Export-Only Workbooks#
In order to support zero-copy data pipelines, Workbook results can be configured for export only. Using data links as input for the Workbook is required for a true zero-copy pipeline. Import jobs can be used for input as well, but only the Workbook results are removed after the export job executes.
The following assumes an import job/data link has been created and the Workbook is about to be saved.
Workbook Configuration Details#
While saving the Workbook, select "Export only" under the "Workbook Settings" tab and "Data Retention" section.
Only the saved sheets are exportable. In the above example, the "finalResults" sheet is exportable.
Export Job Configuration Details#
The following assumes you have read through Exporting Data and understand the basics of configuring an export job. Most of the configuration for the export job is the same except you can't choose a schedule for the export job to run. With export only Workbook, the export job is always triggered by the Workbook executing successfully.
Miscellaneous Details#
If the Workbook is configured to be export only, but no export jobs are associated with it, the generated data is kept for one day. If during that period an export job is created and then triggered manually, the Workbook's data will be deleted after the export job runs. This allows you to test results of a Workbook or to configure an existing Workbook to be export only without having to manually delete the Workbook's data.
Exporting to Power BI#
The Power BI plug-in allows users to export Workbook in Spectrum by creating a connection to Power BI's cloud offering in Azure. Users with the Power BI desktop version for Windows should instead use an integration link.

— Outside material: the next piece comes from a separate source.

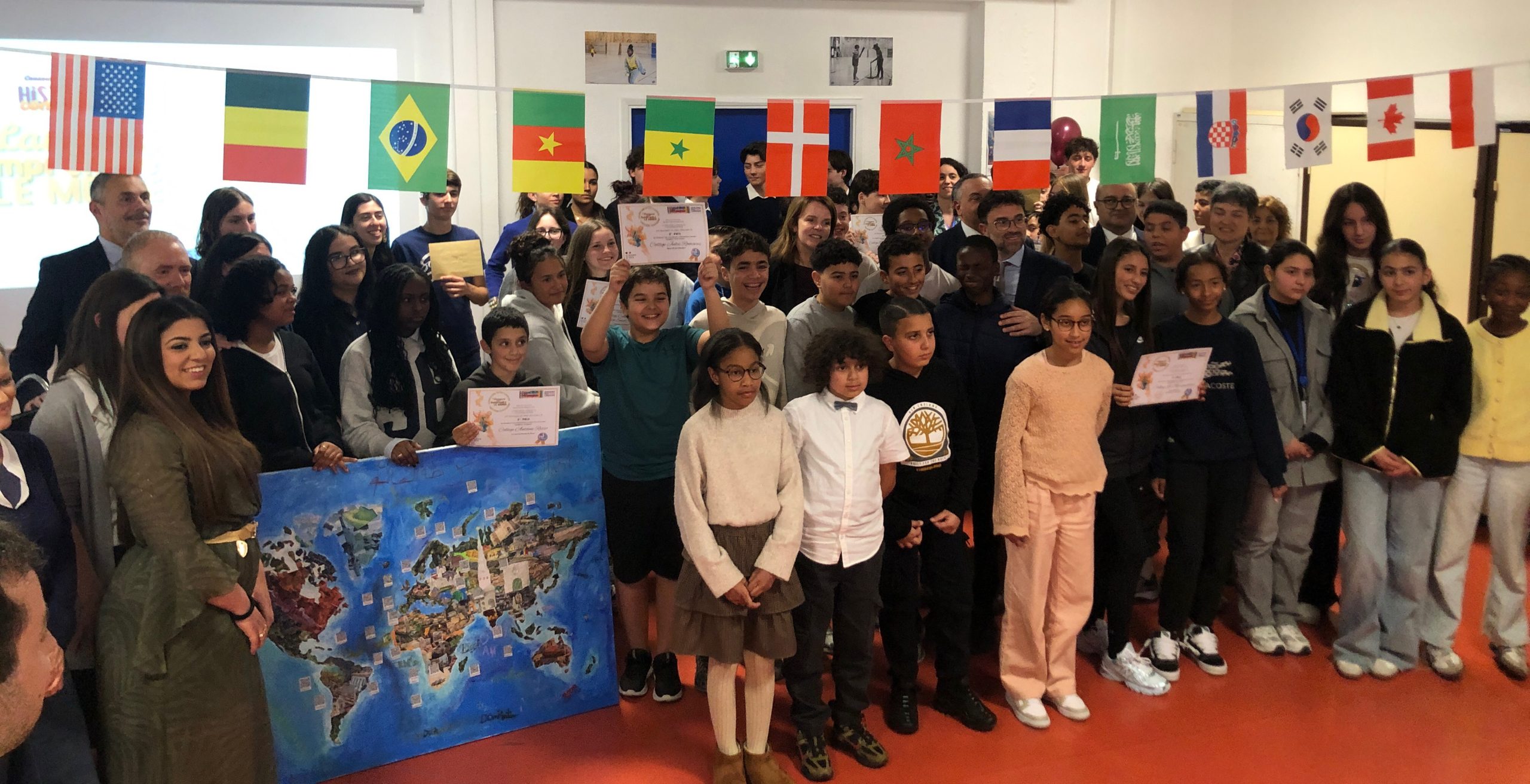 Une immense toile représentant le Monde constitue l’œuvre artistique collective accompagnée de QR codes permettant aux élèves de se présenter dans différentes langues et de partager un mot qui leur tient à cœur.

Configuring Export Jobs with a Power BI Connection#
To export a worksheet to a Power BI connector:
- Select the "+" at the top left of the "File Browser" and select "Export Job", right click on a folder, select "Create New" then select "Export Job", or right click on the Workbook to export from and select "New Export Job".
- Select the Workbook to export from in the browser.

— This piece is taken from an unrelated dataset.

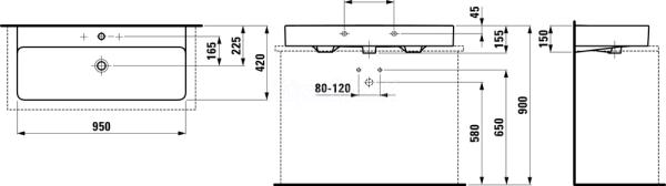 Laufen VAL Umývadlo na dosku 95x42cm, s 3 otvormi pre batériu, bez prepadu, brús biela LCC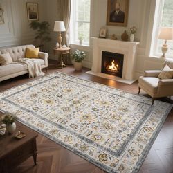 Zentavio 9x12 Washable Area Rugs, Vintage Non-Slip Floral Living Room Rug, Indoor Foldable Floor Thin Low Pile Carpet for Farmhouse Bedroom Dining Roo$40Ontario, CA

- Select the worksheet to export from the drop down menu.
- Select the Power BI connector.
-
Check the Data Details for the Dataset and Table names.

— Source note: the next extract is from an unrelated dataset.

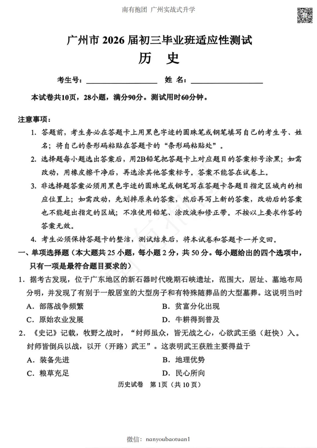 这次适应性测试历史试题不难,常规试卷,整体难度适中,与广州中考保持了高度的对标准确性。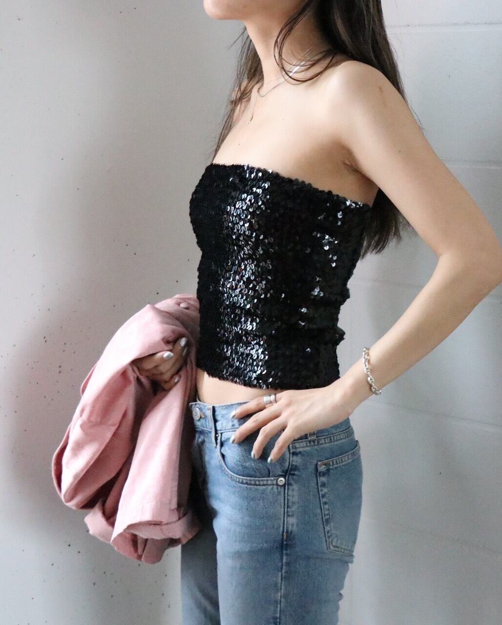 スパンコールチューブトップです。着心地快適なゴム仕様で程よくボーディーにフィットし、女性らしいシルエットが完成する一枚。センシュアルに一枚で着るのはもちろん、Tシャツの上から重ねたり、インナーとして使ったりなど様々な着こなしができます。光に当たるたびにキラキラと輝くスパンコール素材でコーディネートのアクセントになること間違いなしです!

Select a retention policy:
-
"None" takes up to the first 5 million rows of data.
-
"FIFO" (First in first out) collects data in the table until it hits 200,000 rows. Once the data goes beyond 200,000 rows, the oldest rows continue to drop from the dataset.
-
-
Preview the columns of the Workbook to be included and select how to handle invalid data.
-
Select when to run the export job. This can be done manually by a user, run each time the Workbook in Spectrum is calculated, or at specifically scheduled times.
INFO: Custom properties can be added in the advanced section as well as logging specifications.
-
Enter a description and click "Save".
Power BI Export Job Details#
- Float type columns are not supported and are converted to the string data type.
- Power BI limitations cause all datasets to have one table.
-
The date/time of the latest save to a Power BI export is not saved.
Example:
A user uploads a dataset/table with 1000 records on 2:21:58 pm. At a later time, a user uploads 100 records to the same dataset/table. The previous data is overwritten and only the 100 records are saved. The date/time stays at 2:21:58 pm.
-
If the schema for the worksheet in Spectrum changes, the export job wizard for Power BI needs to be run again.
Example:
A user adds an additional column to a sheet in a Workbook. The Spectrum export job wizard needs to be configured and run for new schema to be exported.
-
If a sheet name changes in the Workbook, the export job wizard for Power BI needs to be run again.
Example:
A user changes a sheet name in a Workbook. The Spectrum export job wizard needs to be configured so they correct dataset is exported.
-
The Record Replacement Policy only supports overwriting and does not yet have an append option.
Power BI REST API Limitations#
The Power BI REST API has the following limitations: https://msdn.microsoft.com/en-us/library/dn950053.aspx
Spectrum does not control for these limitations and or give error messages when Power BI limits are reached.